I don’t know how many of you have noticed my blog represents unicorns….daises….nothing but HAPPY times!!

Wait….

Oops….wrong blog.

You all know me by now.  I don’t aim to please any one.  I’m not aiming for any status or any ones approval. This is me…all me. I recite the ups and the downs.

No one is perfect. Me, 10’ tall on a Weight Watcher poster….while I must say looks pretty effin’ perfect…it’s not. (I’m normally not that tan but I had trained all summer & was in LA at the time so Eh??)

Perfect is slipping up….

Perfect is admitting you have done wrong…

But that you want better and you won’t give up until you get it….no matter how many tries it takes…
As you can see I survived the Boilermaker.

It was my worst race to date. I ran 9.30 miles in 2:09:33….I have normally ran 1/2 marathons in that time. Last year I ran the Boilermaker in 1:30.

But…that’s not me….not right now.  WAIT!!….That *is* me….it’s just not where I am at this very minute.
I had one goal….CROSS THE FINISH LINE!! Because I backed out of this race SO many times in my head. But *this* time I told myself….

YOU CAN KEEP CUTTING YOURSELF SHORT. YOU CAN KEEP NOT BELIEVING IN YOURSELF…..OR YOU CAN SHOW THE WORLD WHAT YOU TRULY BELIEVE IN….
SO I RAN…AND I RAN (and I walked)….AND I RAN (and I walked)…..FIGHT FOR WHAT YOU WANT
(and walk for it)…BECAUSE SUZI STORM DOES NOT GIVE UP!!!!! SUZI STORM MAY STUMBLE BUT NEVER QUITS!!

I won’t lie and say that the race “changed” me completely…or got me back into my game 100%….actually I hated it afterwards and was depressed.

But this race was bigger than me. It made me think. Then all of a sudden….Weight Watcher Commercials starting airing again….

And there I found myself. That is *ME* mememememememe!!

I may not be exactly physically and mentally where I was when I shot them, but by fucking god….that is ME!! I still have that in me.  Every one who has mentioned seeing me…and for the first time….I saw it….and wow.

I love it….not because of how I look, or what we say….but because we are LIVING PROOF!! So….I’ve gained some weight back. I haven’t given up. It’s not Weight Watchers fault….its my fault for giving up on myself. Which I needed to do for a little bit, because I’m a people pleaser. Well….
I’ve pleased enough people….back to pleasing myself (HEYO!!!!!).

First step(S):528061_332163490200778_1203034477_n
483108_332515810165546_1466984803_n
OOF!!

Pain is temporary…Pride is forever!!!!!!!!

I had a choice that day….go hard…..or home.
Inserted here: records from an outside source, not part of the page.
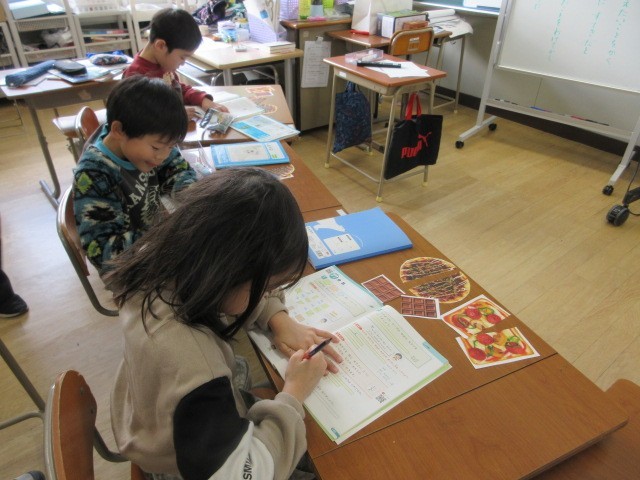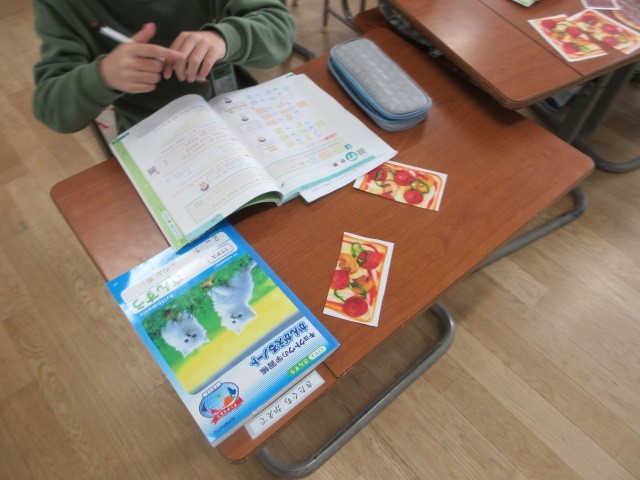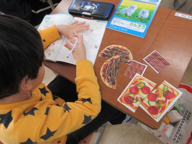 わかくさ学級の2年生が,分数の学習をしています。2分の1(はんぶんこ)の意味を,ピザ・お好み焼き・チョコレートの絵を切り分けて,考えています。
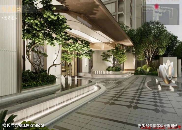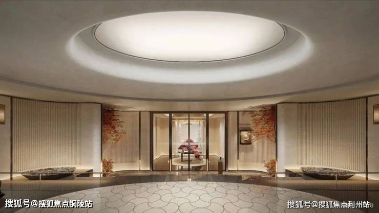社区大堂极具仪式感,未来会采用地下会所设计,入口采用三重弧形石材墙体+圆角幻彩穿孔顶,夜幕下如流淌的鎏金河流。
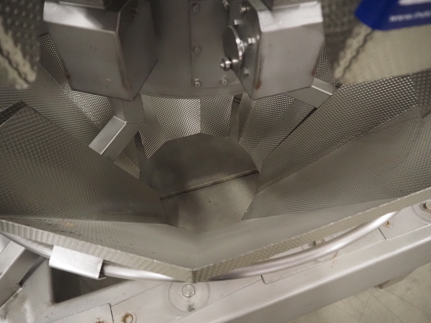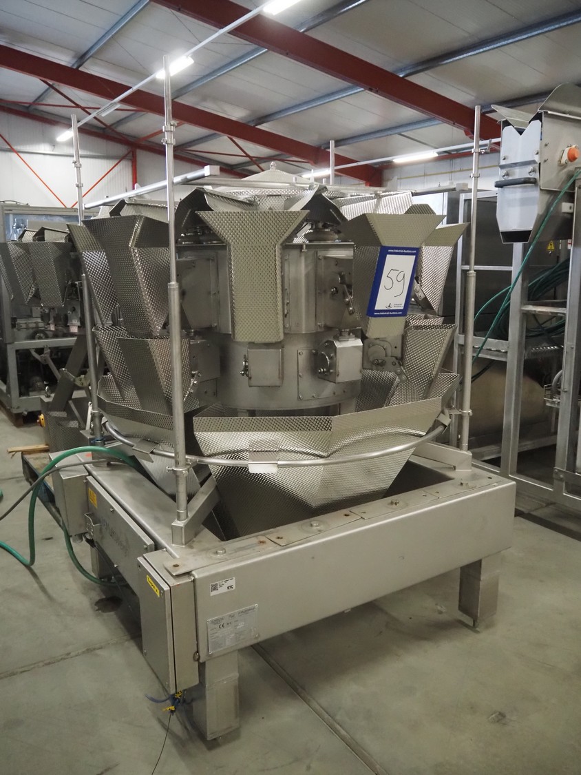 MultiWeigh multihead weigher, type: HDW 10-2.0-60°, serial number: X0760, year of construction: 2014, 230 V, 50 Hz, weighing range: 40-1000 g, dimensions: 1300 mm x 1300 mm x 1800 mm. Incomplete.
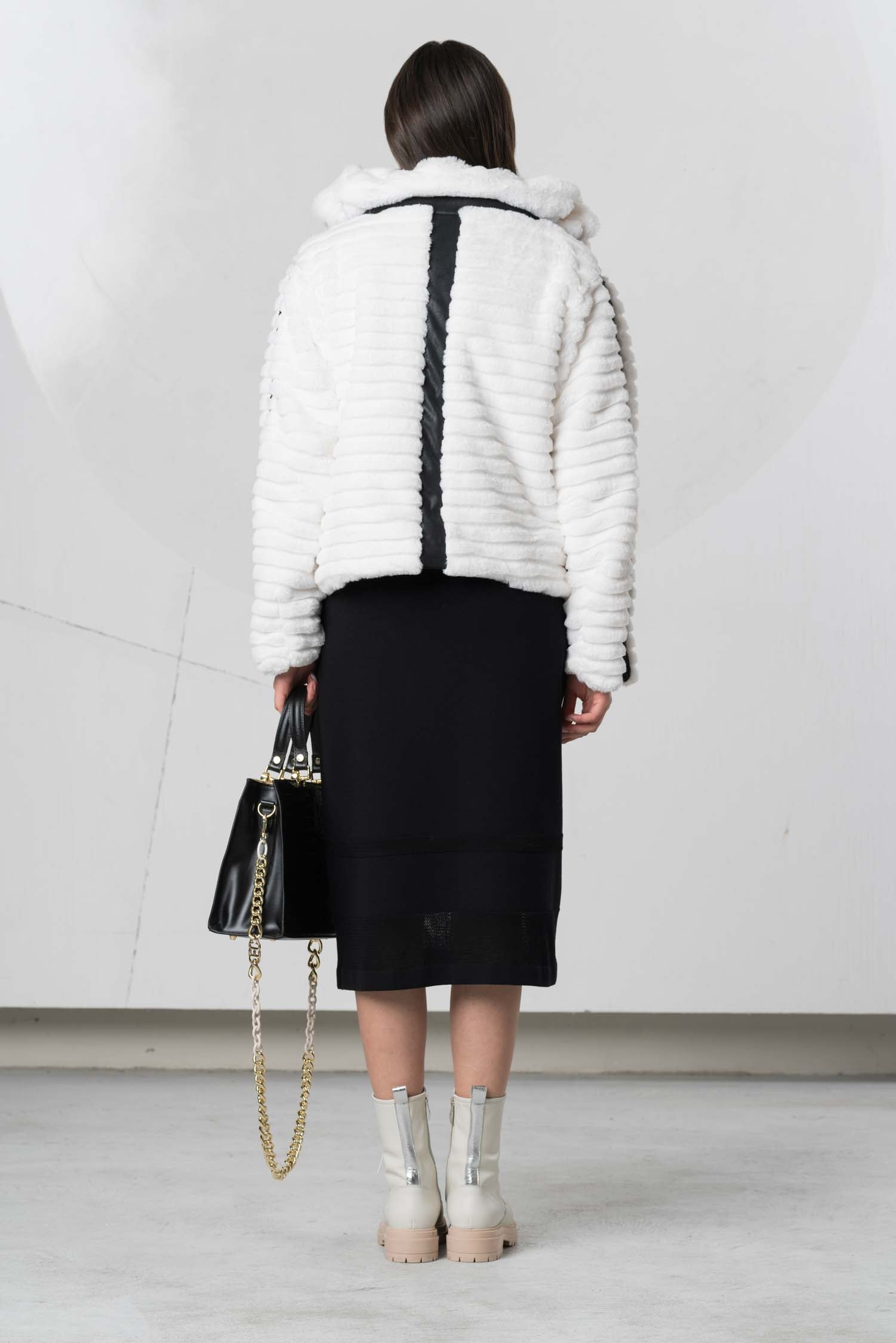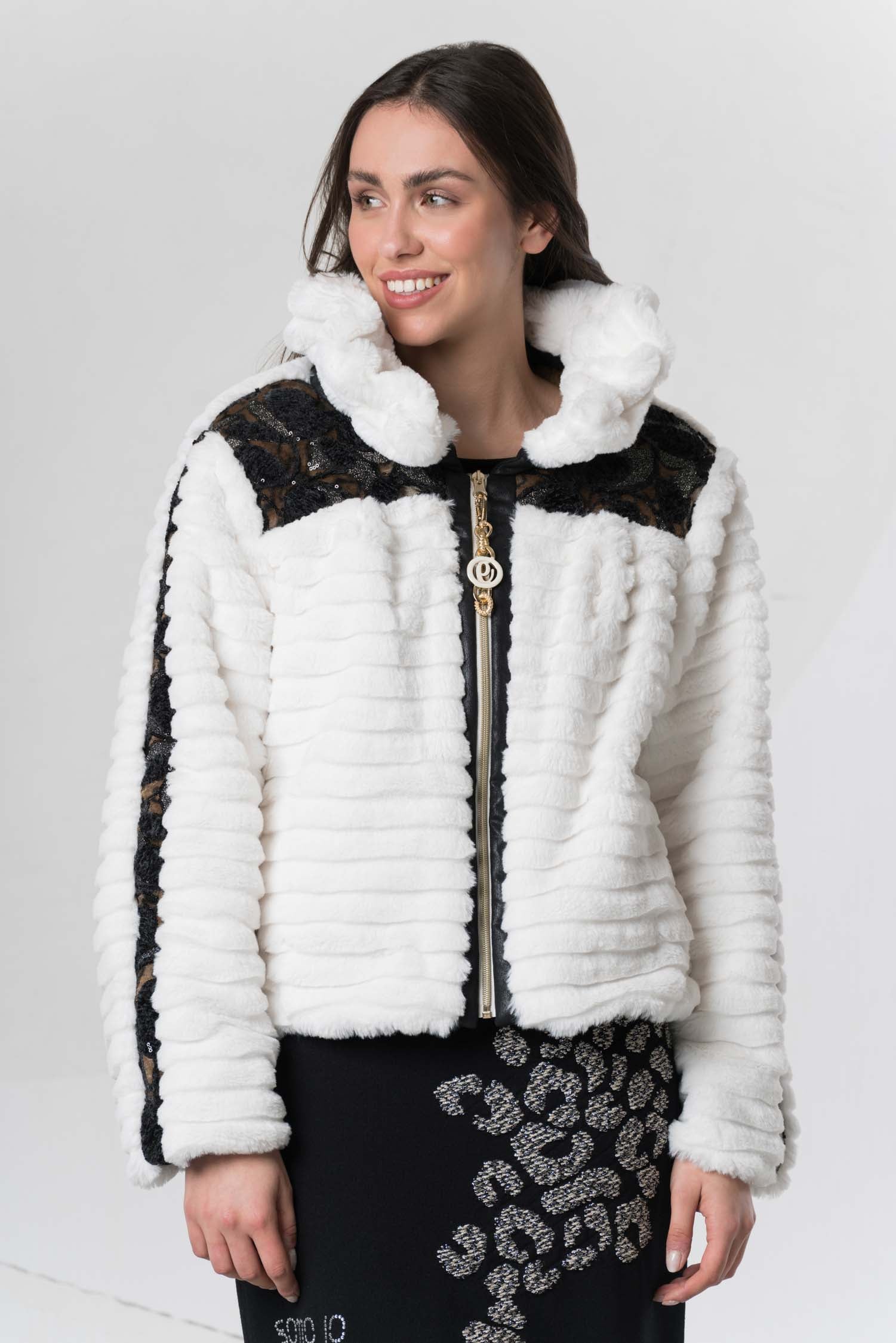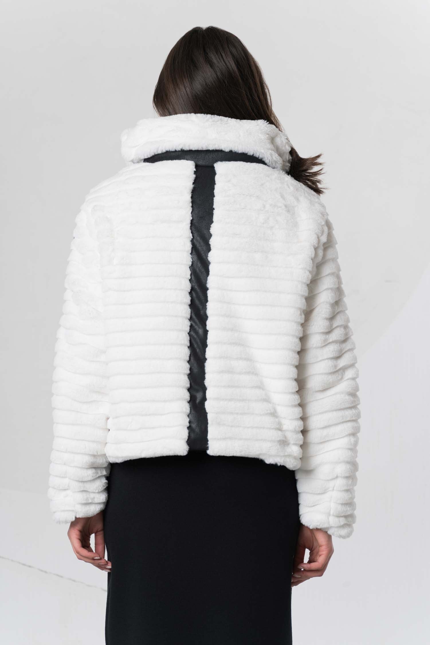This stylish jacket impresses with its high-contrast black and white design and a high fur collar that not only provides warmth but also adds an elegant touch. The clean color scheme underscores a modern, timeless aesthetic that can be combined in many ways. Ideal for cool days, this jacket combines comfort with a sophisticated look.

I chose to go hard. Though I haven’t gone hard in a long, LONG while. But I DID IT!! AND I FUCKING DID IT HAAAAARD!!!! Like super, supreme orgasm hard.

Not every person falls into their “perfect” weight and stays there forever. That doesn’t mean they gain it all back, or that they fail.

Some do hit their target and stay there….and god fucking bless them. I thought that was me. I really *really* did. But I’ve got bigger demon’s to fight. And here come the confessions:

I’ve talked about depression here…blah. blah, blah…ever overweight person has depression. I’m just another. Yet…mine was critical. I tried to kill myself more times than I can count (sorry mom). I took tests, mental and physical. Come to find out…I’m naturally crazy!! HA!! I have a very, very low serotonin level. SO all those years of me trying to slit my wrists the wrong way had a reason to the rhyme. I'm proud to say I no longer want to dabble with death, but I still have my bouts of depression for sure.

I grew up having to deal with being sexually assaulted/abused for a bit…but I don’t let that define me NOW. But it has….and it’s still in the back of my mind at times. But I can’t let it define me. That doesn’t define my SeXAY!!!!

My father….my life…my hero…..the man who caused me the most pain in my life…..died when I was just 10….and it took my breathe away. I was so young, yet I felt my life stop. Yet….he was the worst person I have had in my life to date.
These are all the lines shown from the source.